Est-ce parce que la mobilité académique constitue un apport financier conséquent que les facultés s’emploient à la développer ? Pas vraiment. En réalité, les programmes d’échanges coûtent plus aux universités qu’ils ne leur rapportent. Pour accueillir des étudiants étrangers, il est en effet nécessaire d’employer du personnel administratif pour gérer le service, du personnel en charge des relations internationales et des enseignants pour les cours de français.

Dans le cadre du programme Erasmus, l’UT1 reçoit une enveloppe de quelques 7 000 euros de l’Europe. Cette dotation est conçue pour n’être qu’une « aide à la mobilité ». Elle est en partie dédiée à fournir des bourses aux étudiants en échange. Ne pouvant à elle seule financer l’accueil d’étudiants étrangers, elle est complétée par le budget autonome de chaque université.

Des retombées positives

Mais alors, quel est l’intérêt pour une université de s’investir autant dans des programmes d’échanges ? Danièle Cabanis est enseignante chercheuse à l’UT1 . Chaque année, elle aide les nouveaux arrivants à s’inscrire, à trouver un logement et joue le rôle de référent à plein temps pour tous ces étudiants loin de chez eux.

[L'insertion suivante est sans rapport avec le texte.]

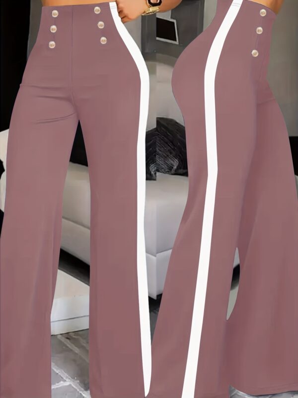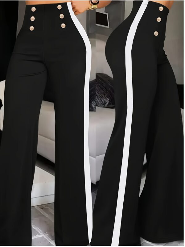 ارتقي بإطلالتك اليومية مع بنطلوننا الأنيق ذو الخصر العالي وقصة الساق الواسعة، المصمم ليمنحكِ الراحة المطلقة والأناقة العصرية في آن واحد. هذا البنطلون هو الإضافة المثالية لخزانة ملابسك، فهو يجمع بين التصميم الأوروبي العصري واللمسة الكاجوال الراقية.
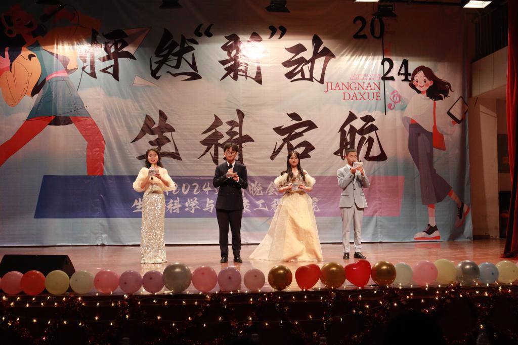 12月8日晚,2138CC太阳集团2024年“怦然‘新’动,生科启航”迎新晚会在南区大学生活动中心举行。长风药业股份有限公司副总经理朱玉玉、江苏阳光惠远知识产权运营有限公司总监林娟、2138CC太阳集团副书记兼副院长孙颖、副院长李会、院长助理朱蕴韬、邱立朋、邵安东,班主任代表、辅导员等出席了本次活动。
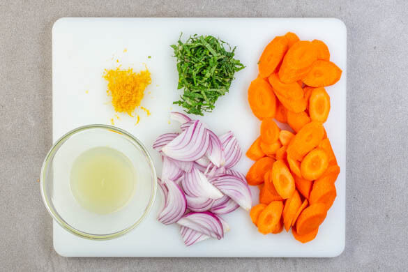 Die Karotten ggf. schälen und schräg in dünne Scheiben schneiden. Die Zwiebel schälen, halbieren und in feine Streifen schneiden. Die Minzeblätter abzupfen und in feine Streifen schneiden. Die Zitronenschale abreiben, dann die Zitrone halbieren und auspressen.
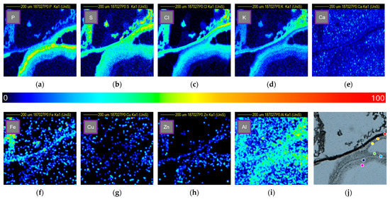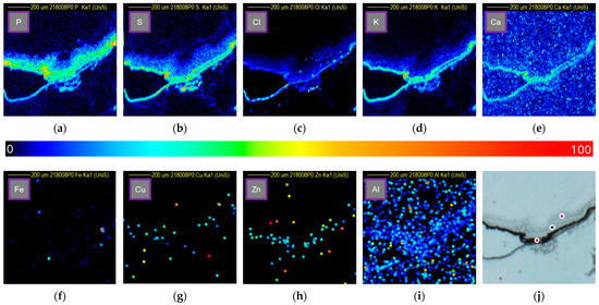 PIXE has an inferior limit of detection (ppm range) than ICP-MS, which regularly detects elements in the ppb range [16,36,37]. As a result, the copper observed in the tissue by ICP (~1.5 ppm) is at the lower end of PIXE detection limits, which were ~10 ppm across the 1 mm2 analysed. In Figure 5g and Figure 6g, the images can be seen to be sparsely populated by data points as a result.
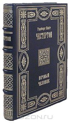 Переплет ручной работы из натуральной кожи с тиснением крышки и корешка золотой фольгой, блинтовое тиснение. Кругленый бинтовой корешок. Торшонированные обрезы. Форзацы из мраморной бумаги ручной работы. Формат 130 х 175 мм. Гилберт Кийт Честертон известен в основном как автор детективных рассказов об отце Брауне и Хорне Фишере. Но его религиозно-философский трактат «Вечный человек» Грэм Грин назвал лучшей книгой, написанной в ХХ столетии. Это произведение – очерк истории человечества с точки зрения христианина, и будет интересно всем, кто интересуется философией, историей культуры и религией.
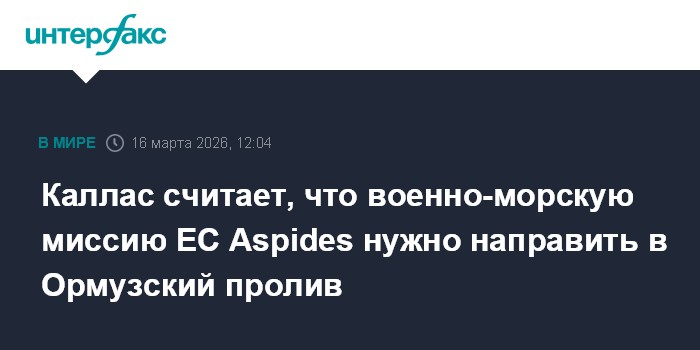 Москва. 16 марта. INTERFAX.RU - Глава дипломатии ЕС Кая Каллас заявила, что военно-морская миссия Евросоюза Aspides должна быть перенаправлена из Красного моря в Ормузский пролив для оказания помощи в возобновлении поставок нефти и газа по этому маршруту.
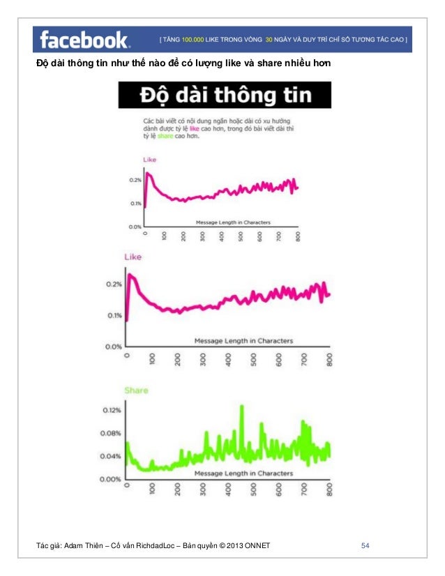 - 53. Tác giả: Adam Thiên – Cố vấn RichdadLoc – Bản quyền © 2013 ONNET 54 Độ dài thông tin như thế nào để có lượng like và share nhiều hơn
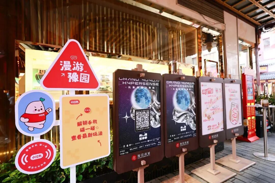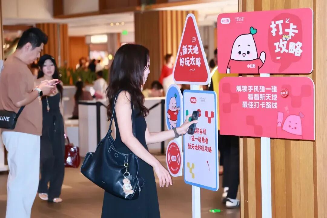 国庆长假伊始,有一些红色的身影悄悄出现在黄浦区,在豫园、上海新天地等知名景点迎接来自全国各地的游客的到来。这些一人高的立牌站立在景点的各个出入口,指引游客“解锁手机碰一碰”,了解现场的活动和攻略。立牌上的箭头全部都指向一个直径5厘米左右的红色小圆点,这就是小红书全新推出的“小红点”。
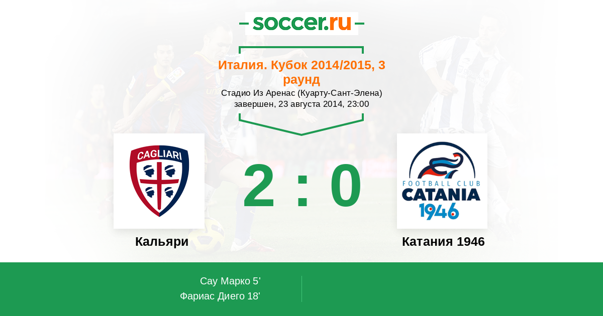 Протокол матча Кальяри против Катания 1946
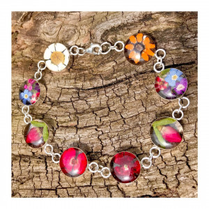Bracelet argent et véritables fleurs
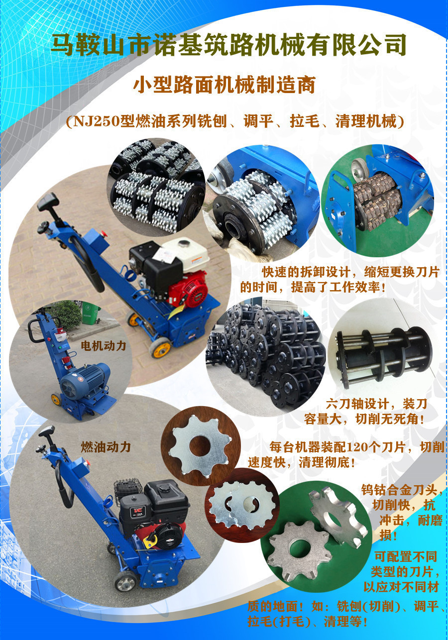 铣刨宽度:铣刨宽度250mm(NJ300型的为300毫米);工作面太宽,不利于小范围或小区域场地的施工;
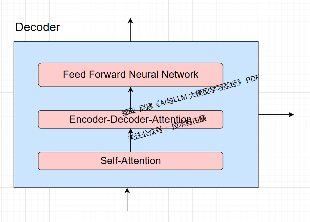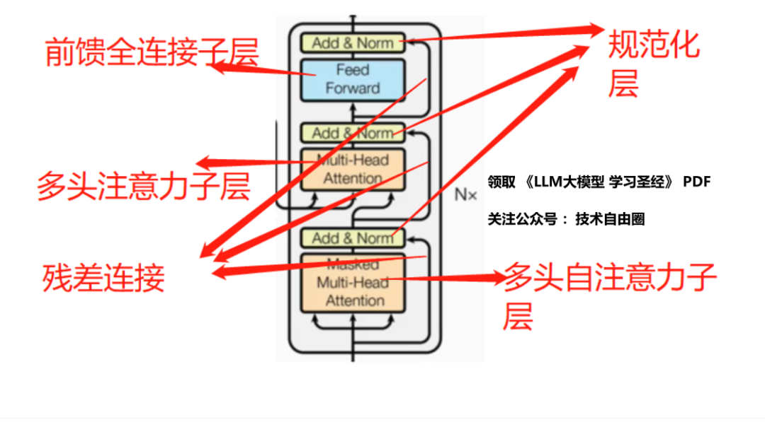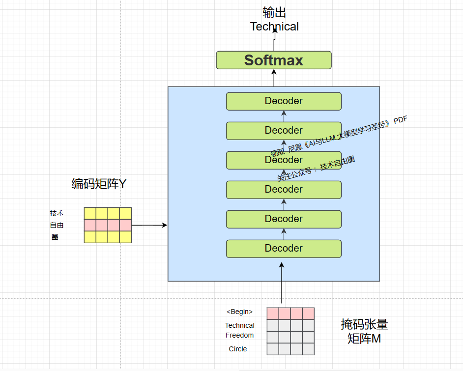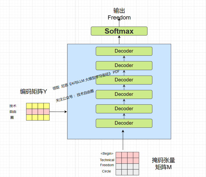 第一个 Encoder block 的输入为句子分词的表示向量矩阵,后续 Encoder block 的输入是前一个 Encoder block 的输出,最后一个 Encoder block 输出的矩阵就是编码信息矩阵 Z ,这一矩阵后续会用到 Decoder 中。 40岁老架构师尼恩提示:大模型比较难,功力浅的不容易懂。 这部分内容如果不懂,可以稍后去学习技术自由圈社群对应的配套视频《从0到1穿透LLM大模型架构》,具体请参见尼恩的公号,技术自由圈 Decoder 解码器结构,以“技术自由圈”的翻译为例 这部分详细内容略,请参见 尼恩的 PDF版本 《LLM大模型学习圣经:从0到1吃透Transformer技术底座》 第一个 Multi-Head Attention 这部分详细内容略,请参见 尼恩的 PDF版本 《LLM大模型学习圣经:从0到1吃透Transformer技术底座》 第二个 Multi-Head Attention 这部分详细内容略,请参见 尼恩的 PDF版本 《LLM大模型学习圣经:从0到1吃透Transformer技术底座》 Softmax 预测输出分词 这部分详细内容略,请参见 尼恩的 PDF版本 《LLM大模型学习圣经:从0到1吃透Transformer技术底座》 Transformer 总结 这部分详细内容略,请参见 尼恩的 PDF版本 《LLM大模型学习圣经:从0到1吃透Transformer技术底座》 参考文献: 论文:Attention Is All You Need https://jalammar.github.io/illustrated-transformer/ http://nlp.seas.harvard.edu/annotated-transformer/ https://playground.tensorflow.org 说在最后:有问题找老架构取经 毫无疑问,大模型架构师更有钱途, 这个代表未来的架构。 前面讲到,尼恩指导的那个一个成功案例,是一个9年经验 网易的小伙伴,拿到了一个年薪近80W的大模型架构offer,逆涨50%,那是在去年2023年的 5月。 不到1年,小伙伴也在团队站稳了脚跟,成为了名副其实的大模型架构师。回想当时,尼恩本来是规划指导小伙做通用架构师的( JAVA 架构、K8S云原生架构), 当时候为了他的钱途, 尼恩也是 壮着胆子, 死马当作活马指导他改造为 大模型架构师。 不到1年时间,现在 职业身价翻了1倍多,现在P8级,可以拿到年薪 200W的offer了。 既然有一个这么成功的案例,尼恩能想到的,就是希望能帮助更多的社群小伙伴, 成长为大模型架构师,也去逆天改命。 这一次,尼恩团队用积累了20年的深厚的架构功力,编写一个《LLM大模型学习圣经》,帮助大家进行一次真正的AI架构穿透,帮助大家穿透AI架构。 尼恩团队的大模型《LLM大模型学习圣经》是一个系列,初步的规划包括下面的内容: 《LLM大模型学习圣经:从0到1吃透Transformer技术底座》 《LLM大模型学习圣经:从0到1吃透大模型的基础实操》 《LLM大模型学习圣经:从0到1吃透大模型的顶级架构》 本文是第一篇《LLM大模型学习圣经:从0到1吃透Transformer技术底座》 ,后面的文章,尼恩团队会持续迭代和更新。 并且录制配套视频。 多年来,用深厚的架构功力,把很多复杂的问题做清晰深入的穿透式、起底式的分析,写了大量的技术圣经: Netty 学习圣经:穿透Netty的内存池和对象池(那个超级难,很多人穷其一生都搞不懂), Caffeine学习圣经:比如Caffeine的底层架构, 上面这些学习圣经,大家可以通过《技术自由圈》公众号,找尼恩获取。 大家深入阅读和掌握上面这些学习圣经之后,一定内力猛涨。 另外,如果学好了之后,还是遇到职业难题, 没有面试机会,怎么办? 前段时间,帮助一个40岁+就业困难小伙伴拿到了一个年薪100W 的offer,小伙伴实现了 逆天改命 。 部分历史案例 实现职业转型,极速上岸
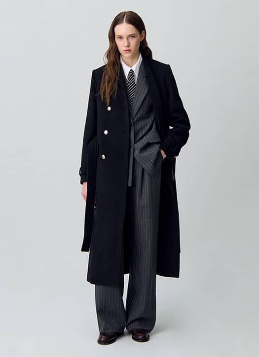 Our ultimate crush ? This black double-breasted coat by Claudie Pierlot, with a kimono collar, belt, and gold buttons. Simple in cut yet commanding in attitude, it’s the piece that instantly boosts your confidence. Picture it with loafers, a loose shirt, and a full suit for an empowered businesswoman look.
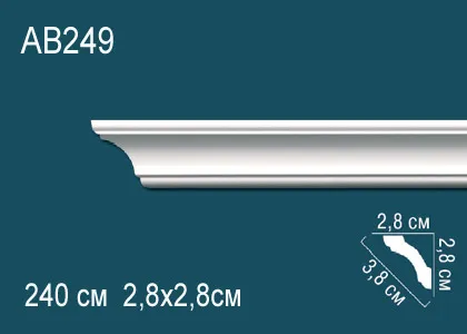 Карниз AB 249 с гладким профилем из полиуретана компании Перфект. Материал высокой прочности, гибкости, водонепроницаемого, стойкого к перепадам температур и воздействию света, что позволяет монтировать не только в сухих, но и влажных помещениях. Для монтажа карнизов рекомендуется использование монтажного и стыковочного клея во избежание расхождения швов. Перед покраской рекомендуем прогрунтовать изделия для лучшего окрашивания лакокрасочными материалами не содержащие растворителей.
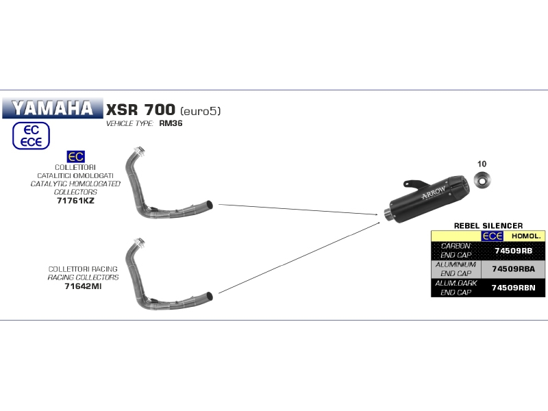 Pack ahorro escape Arrow Yamaha XSR 700 2021. El pack incluye el colector obligatorio 71642MI o 71761KZ y el silencioso Rebel 74509RB, 74509RBA o 74509RB. Elige tu combinación ideal!
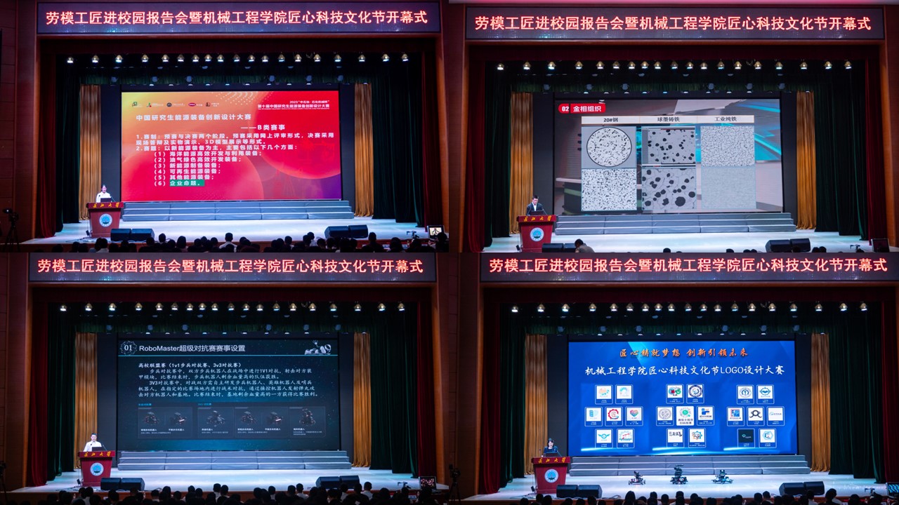 活动第二部分:机械学子2023年创新实践成果汇报。荣获中国研究生能源装备创新设计大赛国赛一等奖、全国老员工金相技能大赛一等奖、RoboMaster超级对抗赛全国二等奖的获奖团队代表依次上台分享他们的创新实践故事并向现场同学们发出新一轮的参赛邀请。
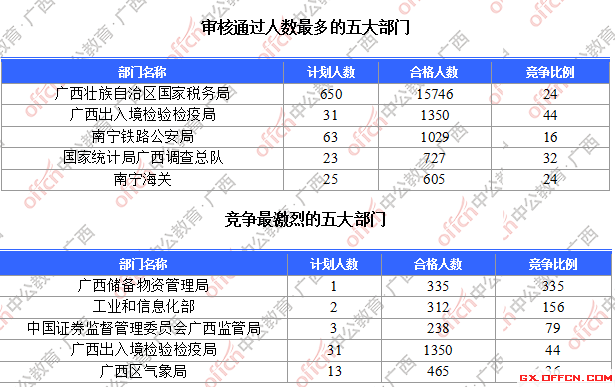 為幫助廣大考生更清晰的了解今日報(bào)名情況,廣西中公教育整理了審核通過人數(shù)前五位的部門以及競爭比例最激烈的五大部門,供廣大考生參考:
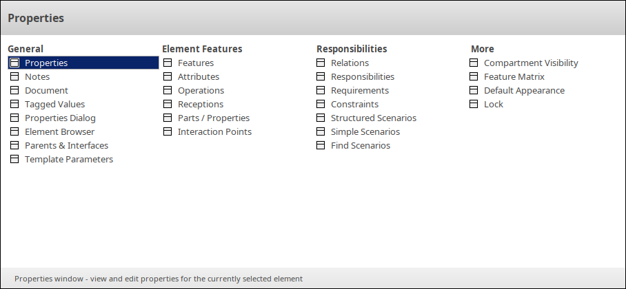 The Properties Window Selector provides immediate access to a range of windows for creating, examining and working on the properties of objects in the model, both from the Browser window and in diagrams. Each window name is a command that, when you click on it, opens that window.
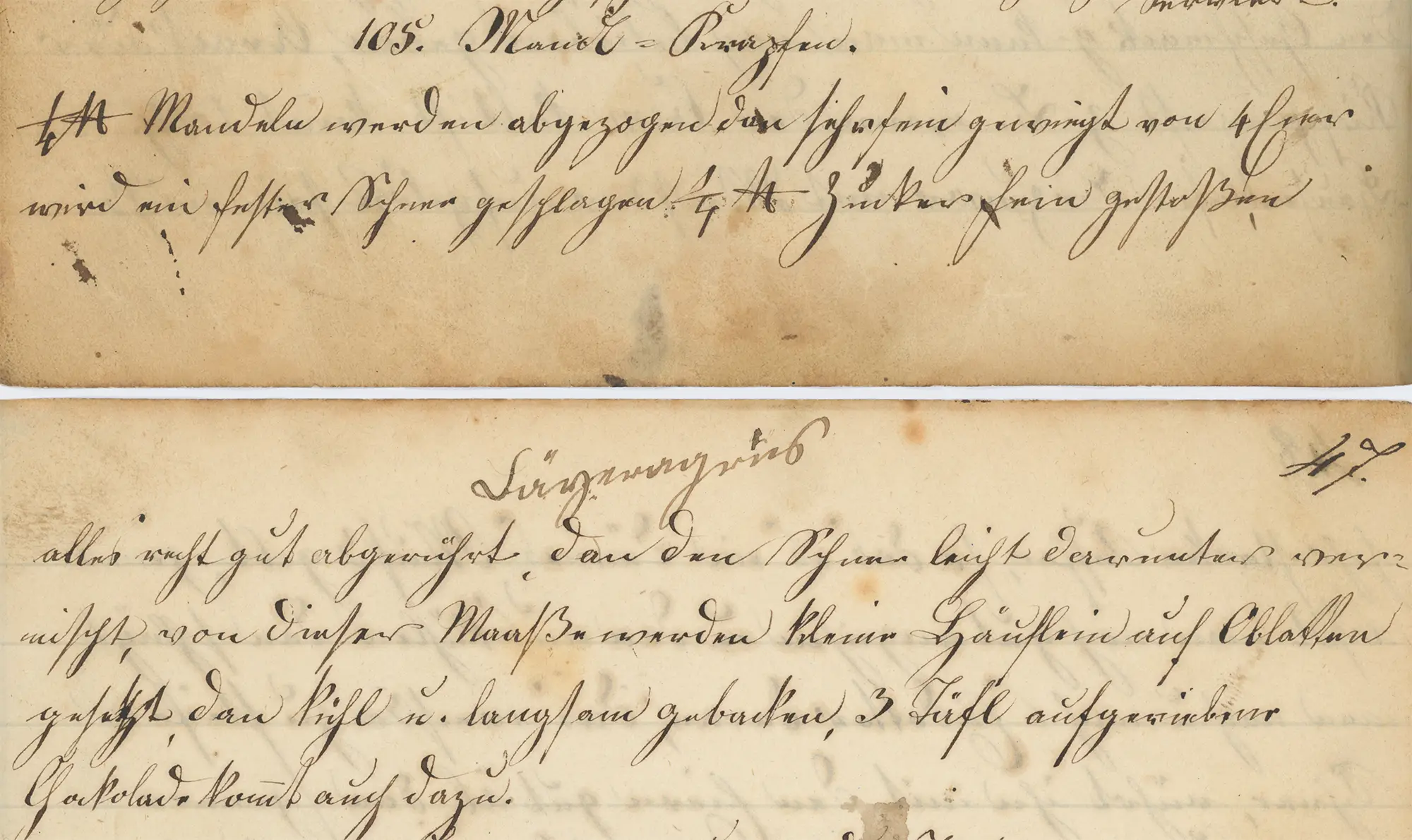 1⁄4 Pf Mandeln werden abgezogen dan sehr fein gewiegt von 4 Eier wird ein fester Schnee geschlagen 1⁄4 Pf Zucker fein gestoßenalles recht gut abgerührt, dan den Schnee leicht darunter ver- mischt, von dieser Maaße werden kleine Häuflein auf Oblatten gesetzt, dann kühl u. langsam gebacken, 3 Täfl aufgeriebene Chockolade kommt noch dazu.
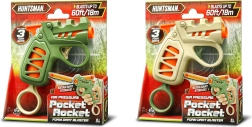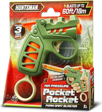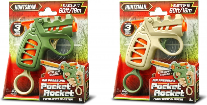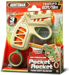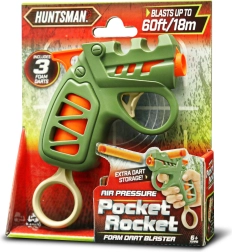 La pistola tascabile HUNTSMAN compatta, lunga 13 cm, convince per la semplicità d'uso e una gittata fino a 18 m. I dardi si inseriscono facilmente nella canna, la ricarica avviene tirando l'anello nella parte inferiore e lo sparo si attiva con il grilletto. Nella confezione trovi 3 dardi in schiuma e puoi scegliere tra 2 varianti di colore – verde e marrone.
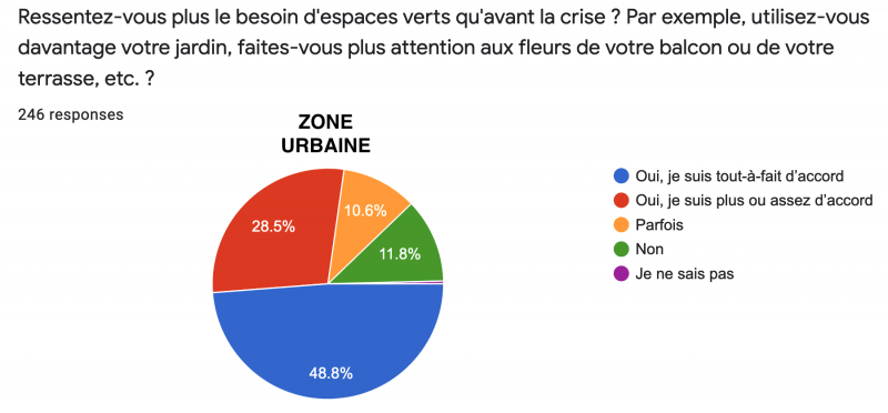 Sans surprise, à la question de savoir si "nous ressentons plus le besoin d’espaces verts (publics ou privés) qu’avant la crise", 46,1% des répondants ont répondu "Oui, tout-à-fait d’accord" (48,8% d’urbains et 41,9% de ruraux). Mais là aussi une différence notable se démarque pour le "Non" : 11,8% chez les urbains et 23,8% chez les ruraux.
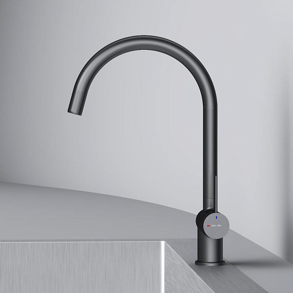Встречайте долгожданное пополнение нашумевшей коллекции Func — кухонные смесители с оригинальными «фишками», характерными для всей коллекции. Дизайн, характерный только для премиум-сегмента, благодаря собственным дизайнерам бренда теперь представлен и в более доступной ценовой категории. Размер (Ш/Г/В): 105x262x380 мм. Материал - нержавеющая сталь, цинк, латунь. Цвет - черный. Тип управления - однозахватный. Излив - поворотный.

Pour elle, le bon accueil des étrangers au sein du campus « laisse des traces psychologiques positives » qui ont des conséquences dans trois domaines : en donnant une bonne image de la faculté, elles attirent de bons candidats à la mobilité mais aussi des enseignants étrangers et de nouveaux chercheurs. Une vision que partage Agnès Tersou pour qui la mobilité académique a une seule vocation : « Tisser des liens ».

En plus du prestige qu’elle confère à leur site, elle leur permet également de promouvoir l’image de la France à l’étranger. Et au final, les bénéficiaires de ces universités-diplomates, ce sont les étudiants.

Un parcours en danger ?

- Avec la chute du dollar, des partenariats avec les États-Unis ont dû s’interrompre. L’Université de Californie, qui avait deux filières en France, a dû fermer celle de Toulouse au profit de celle de Bordeaux.

- La pratique de moins en moins répandue du français influence l’offre de formation : pour demeurer attractives, les universités françaises doivent proposer de plus en plus de cours en anglais.

- Enfin, il y a une tradition française aux conséquences néfastes sur les échanges avec l’étranger : la grève. L’Université Toulouse 2-Le Mirail, souvent sujette à des blocages, a vu des partenariats se clore suite aux retours négatifs des étudiants.